The online provider SoFi will be made public via SPAC with the support of Chamath Palihapitiya

Chamath Palihapitiya speaking at the 23rd Annual Sohn Investment Conference in New York City on April 23, 2018.

Heidi Gutman | CNBC

The online financing company SoFi will be put into operation by merging with a blank check company run by venture capitalist Chamath Palihapitiya, the companies announced on Thursday.

The merger with Palihapitiya’s SPAC, Share Capital Hedosophia Corp V, will value SoFi at $ 8.655 billion.

SoFi, short for Social Finance, was last valued at $ 5.7 billion in private markets and has raised cash from venture capital giants such as SoftBank and Peter Thiel, according to PitchBook.

Following the announcement, shares of the purchase of SoFi SPAC rose 29%. Reuters first reported the deal.

Special-purpose acquisition companies, known as SPACs, raise money through a shell company to buy an existing company. It is an increasingly popular way for emerging companies with advanced purposes to show up quickly in public markets.

Palihapitiya, one of Facebook’s top executives, has brought several companies through SPAC, including Virgin Galactic Holdings in late 2019. Another blank check company founded by Palihapitiya will merge with Opendoor Labs, backed by SoftBank, while a agreement to make public Clover Health an open company also closed Thursday.

SoFi was an attractive bet based on its ability to meet the needs of the first mobile consumers and reduce the cost of banking through technology, according to Palihapitiya. He compared the interruption of SoFi in banking technology with Amazon.

“What I did was try to systematically advance what was broken in banking and try to figure out which company was the best representative of the solution that people wanted,” she said Thursday at the CNBC session on CNBC Palihapitiya, founder and CEO of Social Capital Hedosophia V. “Sofi was the head of the list when I examined all the companies.”

SoFi was founded in 2011 with a focus on refinancing student loans for millennials and now offers securities and cryptocurrencies trading, personal and mortgage lending and wealth management services. The company is led by CEO Anthony Noto, former CEO of Twitter and former CEO of Goldman Sachs.

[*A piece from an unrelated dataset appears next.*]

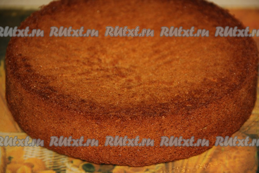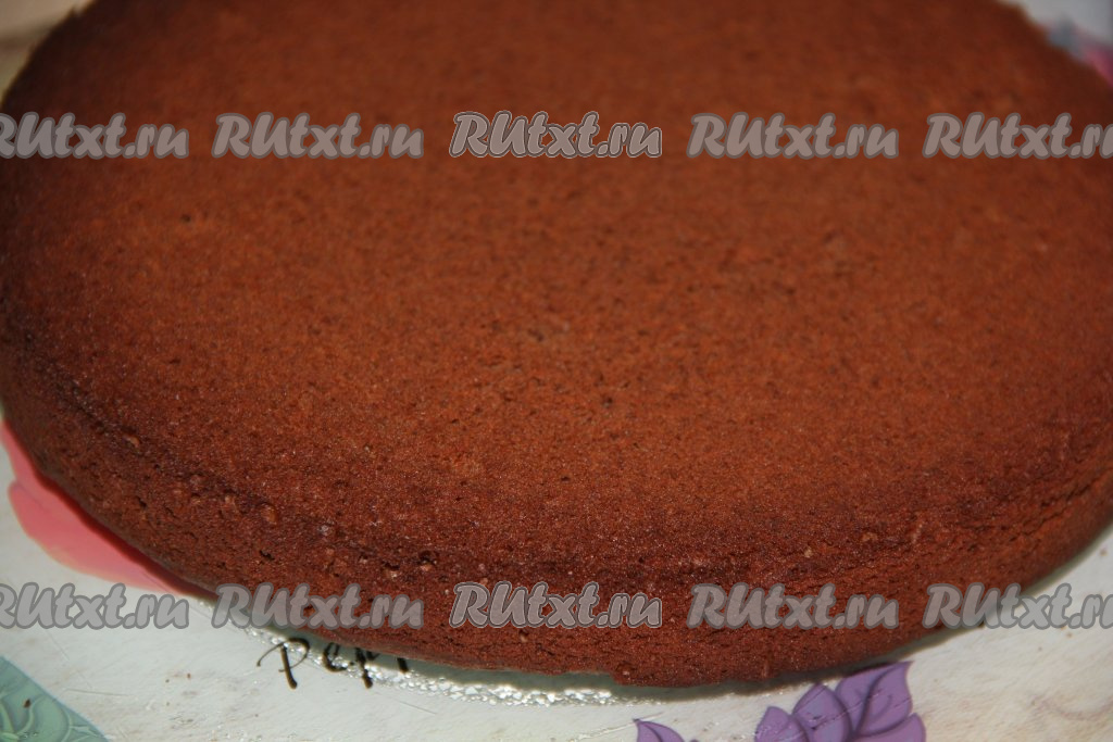 Выпекать шоколадный бисквит, примерно, 35-40 минут при температуре 180 градусов в разогретой духовке (готовность проверить, проколов бисквит сухой шпажкой). Готовый бисквит, достав из формы, полностью остудить на решётке.

The San Francisco-based company also signed a 20-year deal to call the Los Angeles football complex “SoFi Stadium.” SoFi is an official partner of the two Los Angeles football teams, as well as a partner at the venue and the surrounding entertainment district.

Noto said “the certainty of the deal” was one of the reasons SoFi chose to use a SPAC, rather than the traditional IPO process. As the economy moves online during the pandemic, Noto highlighted SoFi’s strategic advantage of building a first mobile financial company.

“We create faster experiences, we provide better selection, content and convenience to really capture those looking for that online banking experience,” Noto told CNBC.

— CNBC’s Scott Wapner contributed the information.